What this task involves: Could you please retype exactly the lines from the start of the records below through the line that contains "Hermes Black Clemence", both included, and leave out the pictures?

Provided entries:
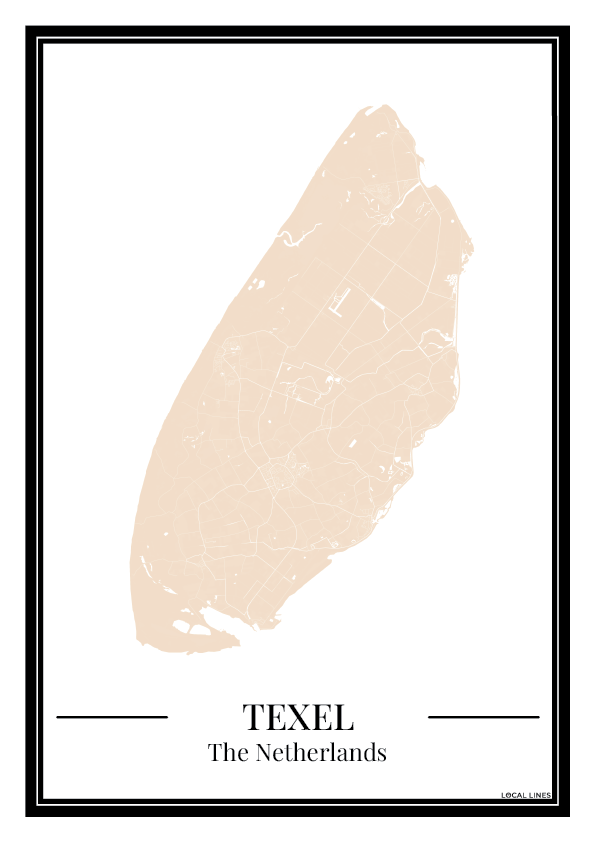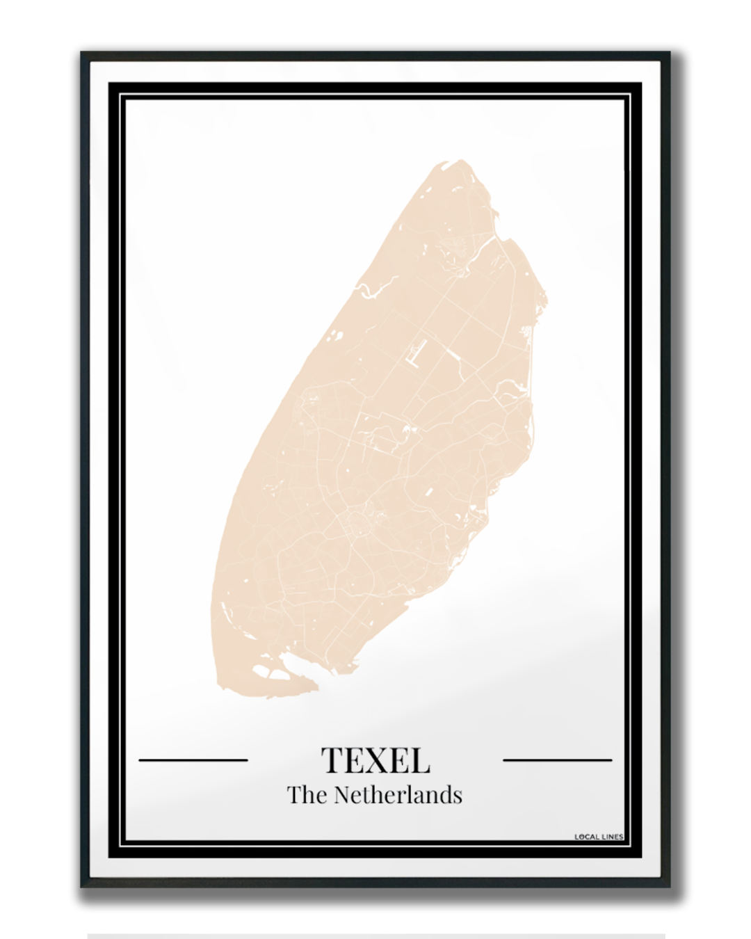 Geef je interieur een warme en stijlvolle uitstraling met deze Texel eilandkaart poster in beige. De gedetailleerde kaart laat de straten en plaatsen van Texel duidelijk zien en maakt dit ontwerp een tijdloze toevoeging aan je wanddecoratie of een bijzonder cadeau voor elke gelegenheid.
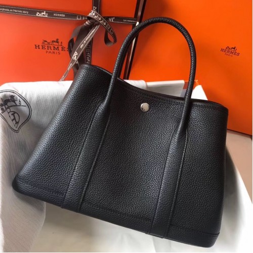 Hermes Black Clemence Garden Party 30cm Handmade Bag
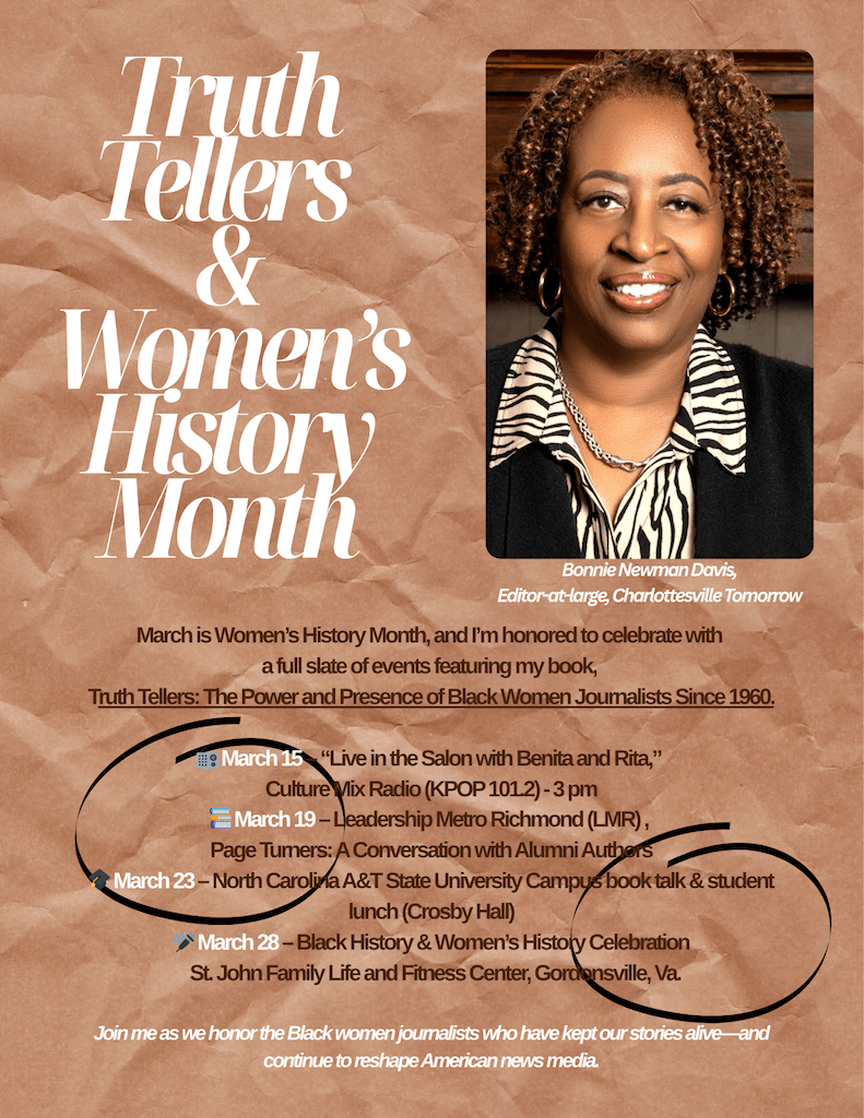 From a live radio conversation on Culture Mix Radio’s “Live in the Salon with Benita and Rita” (March 15) to an exclusive LMR Page Turners alumni author event (March 19), an intimate student book talk and lunch (March 23), and a special Black History & Women’s History Celebration with St. John Family Life and Fitness Center in Gordonsville, Va. (March 28), Bonnie is lifting up the stories of Black women journalists who have reshaped American media.
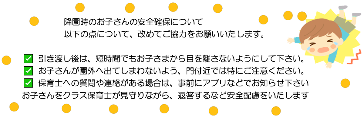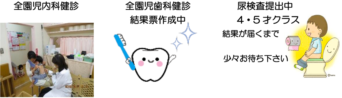 体位測定:4日(火) 0・1才 5日(水) 2・3才 6日(木) 4・5才 0才児健診13日(木)
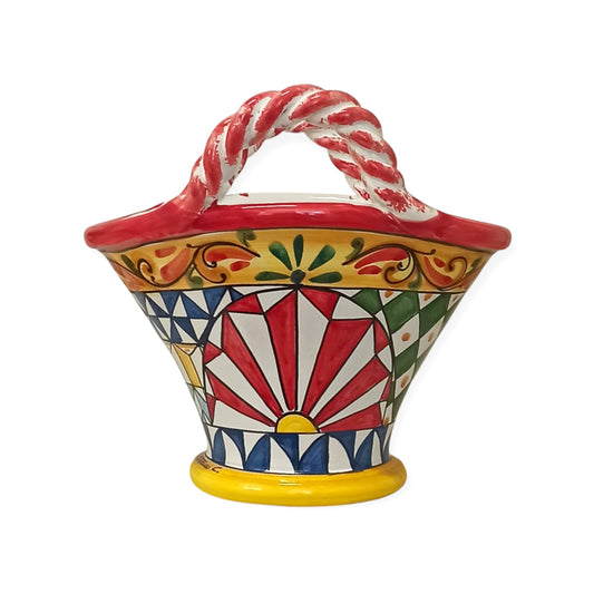 Sicilian Basket in Caltagirone Ceramic - Various Colors
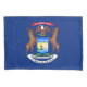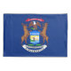 Este diseño presenta la bandera de Michigan, un estado en las regiones de los Grandes Lagos y el Medio Oeste de los Estados Unidos. Su nombre proviene de la palabra nativa norteamericana "mishigami", que significa "agua grande" o "lago grande". La bandera del estado de Michigan representa el escudo de armas del estado en un fondo azul oscuro. El diseño presenta tres lemas latinas. "E Pluribus Unum" significa "De muchos, uno", lema de los Estados Unidos; "Tuebor" significa "yo defenderé"; y "Si Quris Peninsulam Amoenam Circumspice" significa "Si buscas una península agradable, mira sobre ti", que es el lema oficial del estado. Un residente de Michigan es conocido como Michigander o Michigania. La capital del estado de Michigan está desembarcando. Otras ciudades y pueblos importantes de Michigan son Detroit, Grand Rapids, Warren, Sterling Heights, Ann Arbor, Dearborn, Clinton Charter Township, Canton Charter Township y Livonia. Los diez condados más grandes del estado de Michigan son el Condado de Wayne, el Condado de Oakland, el Condado de Macomb, el Condado de Kent, el Condado de Genesee, el Condado de Washtenaw, el Condado de Ottawa, el Condado de Ingham, el Condado de Kalamazoo y el Condado de Livingston.

Exercise output:
 Geef je interieur een warme en stijlvolle uitstraling met deze Texel eilandkaart poster in beige. De gedetailleerde kaart laat de straten en plaatsen van Texel duidelijk zien en maakt dit ontwerp een tijdloze toevoeging aan je wanddecoratie of een bijzonder cadeau voor elke gelegenheid.
 Hermes Black Clemence Garden Party 30cm Handmade Bag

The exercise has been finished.